The plaintiff, among other things, requested the court to charge as follows: "That the deceased by entering upon or continuing in the service of the defendant, shall be presumed to have assented to the necessary risks of the occupation or employment, and no others. The necessary risks of the occupation or employment shall be considered as including those risks, and those only inherent in the nature of the business, which remain after the defendant has exercised due care in providing for the safety of plaintiff's intestate, and has complied with the laws affecting or regulating such business or occupation, for the greater safety of such employee."
This request was couched in the language of the statute (Labor Law, § 202, as amd. by Laws of 1910, chap. 352), and the plaintiff, under the circumstances, and particularly in view of the propositions charged at the request of the defendant, was clearly entitled to have the jury properly instructed on this point.

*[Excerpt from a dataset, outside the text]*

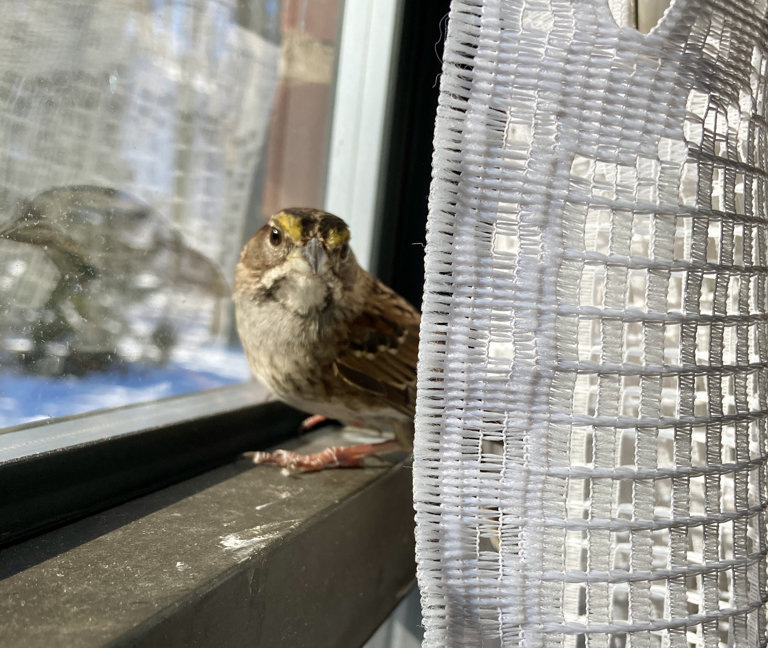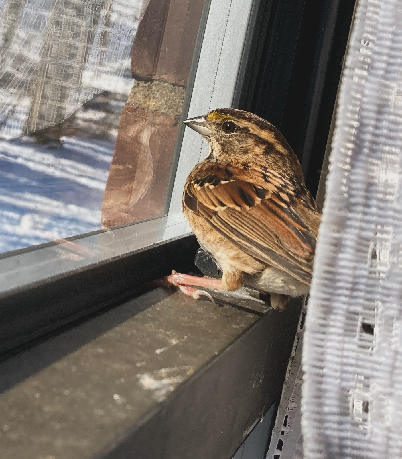 One nice thing happened before the actual vacation started which gave me hope: we had another birdie visitor. This time it was a young white-throated sparrow who either had ADD or a panic disorder and kept flying and pacing relentlessly around the apartment. Mom got some great pictures of him in the few moments when he was able to remain still.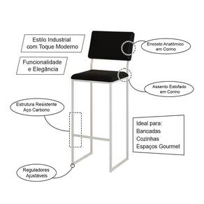 AS IMAGENS SÃO MERAMENTE ILUSTRATIVAS E PODEM SOFRER VARIAÇÕES DE COR E PEQUENOS DETALHES DE ACORDO COM O SEU MONITOR, ILUMINAÇÃO DO AMBIENTE E ATÉ MESMO A SUA PERCEPÇÃO VISUAL.Kit 4 Banquetas com Encosto Industrial e Moderna Nina Branco e Corino Preto

At the request of the defendant the court charged as follows: "If the jury should determine from the evidence that the sole and only proximate cause of the accident was the wet paint, and that this condition and danger, if any, was known and obvious to the decedent, then there could be no recovery in this case." While the request does not use the words "assumption of risk" the clear meaning of the request and what the jury must have understood it to mean was that if the danger resulting from the wet paint, if any, was known and obvious to the deceased, he could not recover, because he must be deemed to have assumed the risk. This was erroneous from every point of view. The Legislature, by the amendment in 1910 of section 202 of the Labor Law, has in effect eliminated the defense of assumption of obvious risk in cases like the present. It is now provided that "In an action brought to recover damages for personal injury or for death resulting therefrom received after this act takes effect, owing to any cause, including open and visible defects, for which the employer would be liable but for the hitherto available defense of assumption of risk by the employee, the fact that the employee continued in the service of the employer in the same place and course of employment after the discovery by such employee, or after he had been informed of the danger of personal injury therefrom, shall not be, as matter of fact or as matter of law, an assumption of the risk of injury therefrom" (See Caboni v. Gott, 149 App. Div. 440), and even under the Labor Law before the amendment the question of the assumption of risk was a question for the jury and not to be decided by the court as matter of law. The request now under consideration in effect treated it as a matter of law, for the jury were instructed that if the danger was known and obvious "there could be no recovery." Even if the request could be construed as merely indicating that it was negligent in the defendant, if the defect was known and obvious, to have taken hold of the column, still the charge cannot be upheld, because the question of contributory negligence was for the jury. Even if the deceased knew of the wet and dangerous condition of the paint, and momentarily forgot it he would not be chargeable with contributory negligence as matter of law. ( Boyle v. Degnon-McLean Construction Co., 47 App. Div. 311. )
These errors call for a reversal of the judgment. There are others in the record which we should find difficulty in disregarding, but we do not consider it necessary to dwell upon them at length. They are either objectionable because they are based upon the same erroneous construction of the Labor Law that we have already pointed out, or because they invited the jury to speculate that the accident may have happened from some cause of which the evidence contains no suggestion.
The judgment and order should be reversed and a new trial granted, with costs to appellant to abide the event.
INGRAHAM, P.J., LAUGHLIN, CLARKE and DOWLING, JJ., concurred.
Judgment and order reversed, new trial ordered, costs to appellant to abide event. Order to be settled on notice.